* _Problem requirements_: Please output exactly the lines below, starting at the line that has "Leuke taartdecoratie set" and ending at the line that has "lucente Lichtplanung sorgten", both included; leave out all pictures and include nothing else.

* _Input records_:

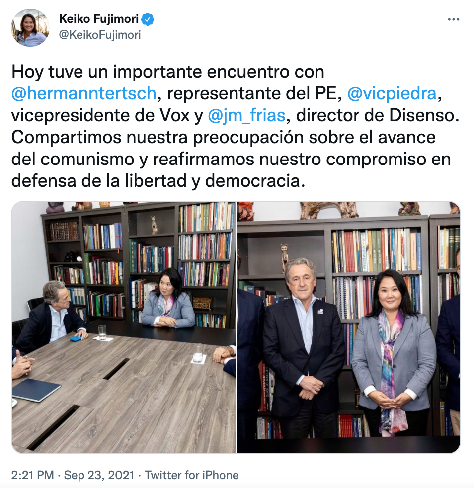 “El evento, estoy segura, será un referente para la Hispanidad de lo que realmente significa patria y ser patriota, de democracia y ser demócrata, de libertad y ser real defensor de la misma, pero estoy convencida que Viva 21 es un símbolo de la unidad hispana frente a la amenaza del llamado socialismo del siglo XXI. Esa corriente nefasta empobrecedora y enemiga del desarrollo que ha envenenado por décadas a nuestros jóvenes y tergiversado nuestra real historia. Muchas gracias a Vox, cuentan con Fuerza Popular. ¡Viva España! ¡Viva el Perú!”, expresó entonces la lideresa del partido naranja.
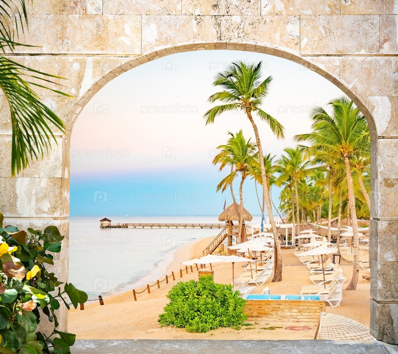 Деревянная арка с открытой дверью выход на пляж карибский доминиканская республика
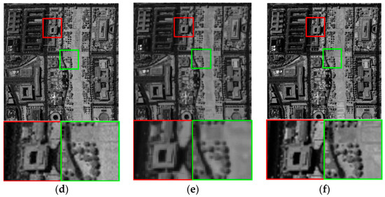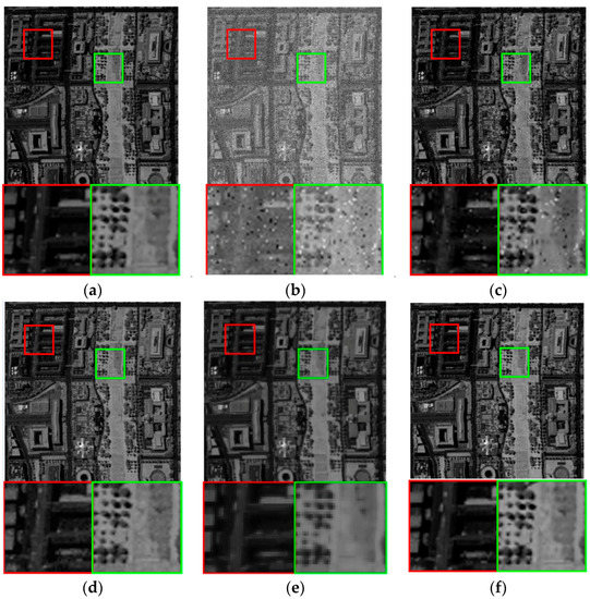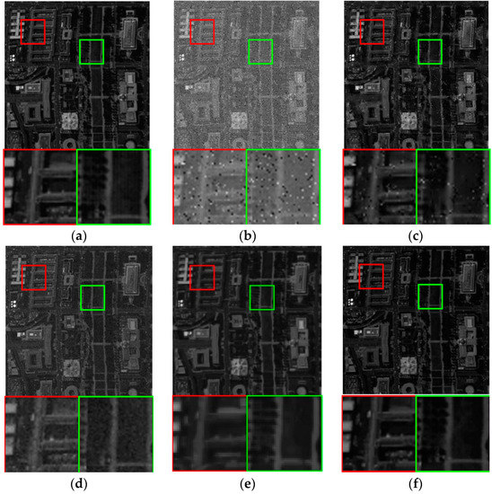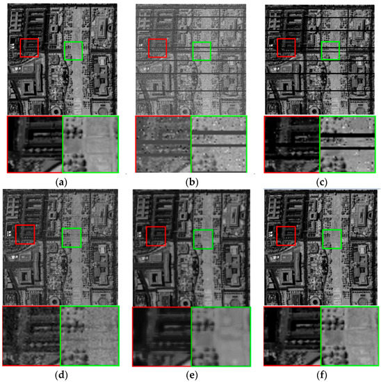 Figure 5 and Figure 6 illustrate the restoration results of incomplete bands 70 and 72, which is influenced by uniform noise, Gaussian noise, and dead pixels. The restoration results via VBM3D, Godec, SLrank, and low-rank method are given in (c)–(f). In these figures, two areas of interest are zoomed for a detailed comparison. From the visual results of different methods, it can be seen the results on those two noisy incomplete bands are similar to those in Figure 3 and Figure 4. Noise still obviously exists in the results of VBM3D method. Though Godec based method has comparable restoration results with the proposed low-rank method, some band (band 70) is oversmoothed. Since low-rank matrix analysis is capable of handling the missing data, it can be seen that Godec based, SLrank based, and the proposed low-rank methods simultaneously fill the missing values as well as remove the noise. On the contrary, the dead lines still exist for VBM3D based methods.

==

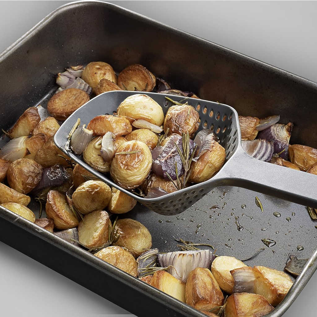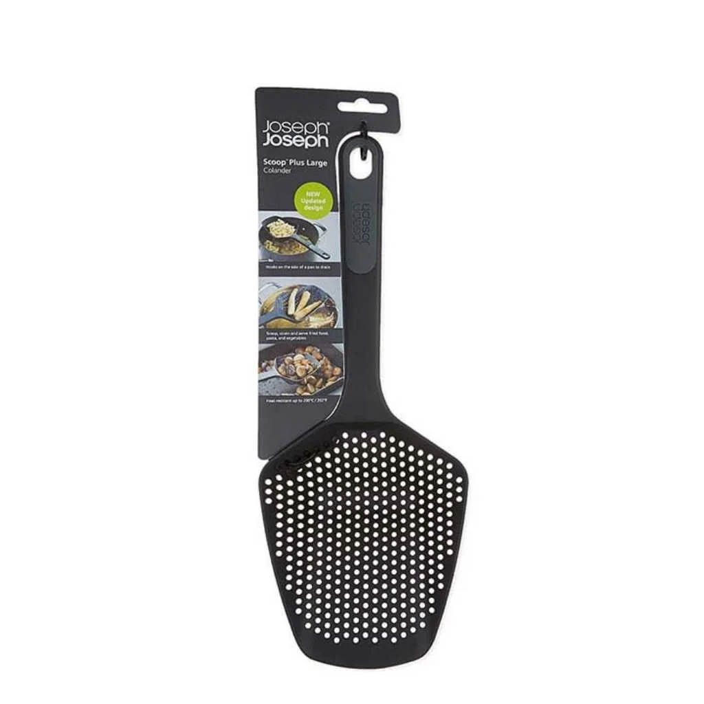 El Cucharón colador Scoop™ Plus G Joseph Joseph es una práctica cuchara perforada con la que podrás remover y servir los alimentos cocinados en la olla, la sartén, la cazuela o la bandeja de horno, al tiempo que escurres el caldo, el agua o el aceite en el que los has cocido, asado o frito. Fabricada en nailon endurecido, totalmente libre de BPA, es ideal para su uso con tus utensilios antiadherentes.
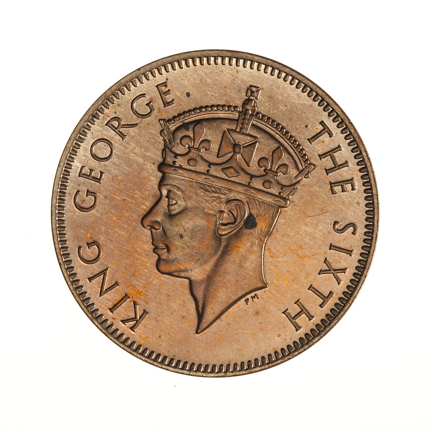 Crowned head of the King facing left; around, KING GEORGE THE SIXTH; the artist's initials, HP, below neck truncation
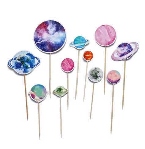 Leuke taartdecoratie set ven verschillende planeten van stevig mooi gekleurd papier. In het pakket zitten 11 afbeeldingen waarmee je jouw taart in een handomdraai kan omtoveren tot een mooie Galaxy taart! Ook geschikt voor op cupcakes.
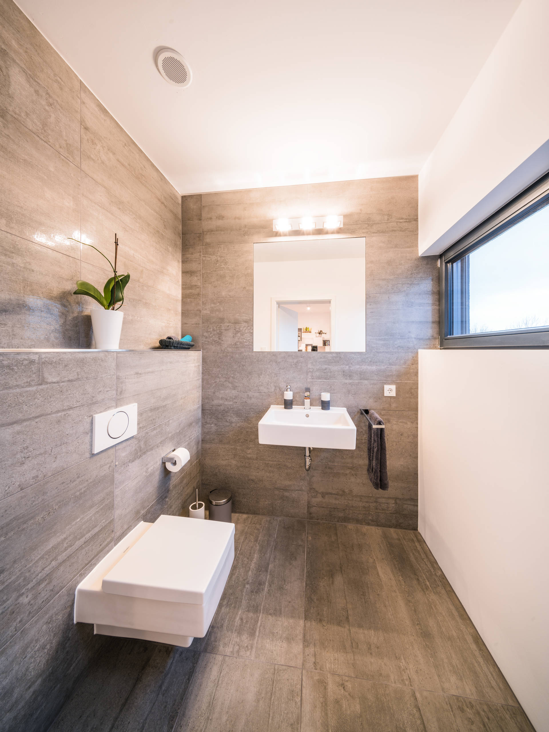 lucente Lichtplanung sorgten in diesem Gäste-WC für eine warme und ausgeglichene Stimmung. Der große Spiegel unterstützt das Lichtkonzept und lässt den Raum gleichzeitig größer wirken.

* _Task output_:
 Leuke taartdecoratie set ven verschillende planeten van stevig mooi gekleurd papier. In het pakket zitten 11 afbeeldingen waarmee je jouw taart in een handomdraai kan omtoveren tot een mooie Galaxy taart! Ook geschikt voor op cupcakes.
 lucente Lichtplanung sorgten in diesem Gäste-WC für eine warme und ausgeglichene Stimmung. Der große Spiegel unterstützt das Lichtkonzept und lässt den Raum gleichzeitig größer wirken.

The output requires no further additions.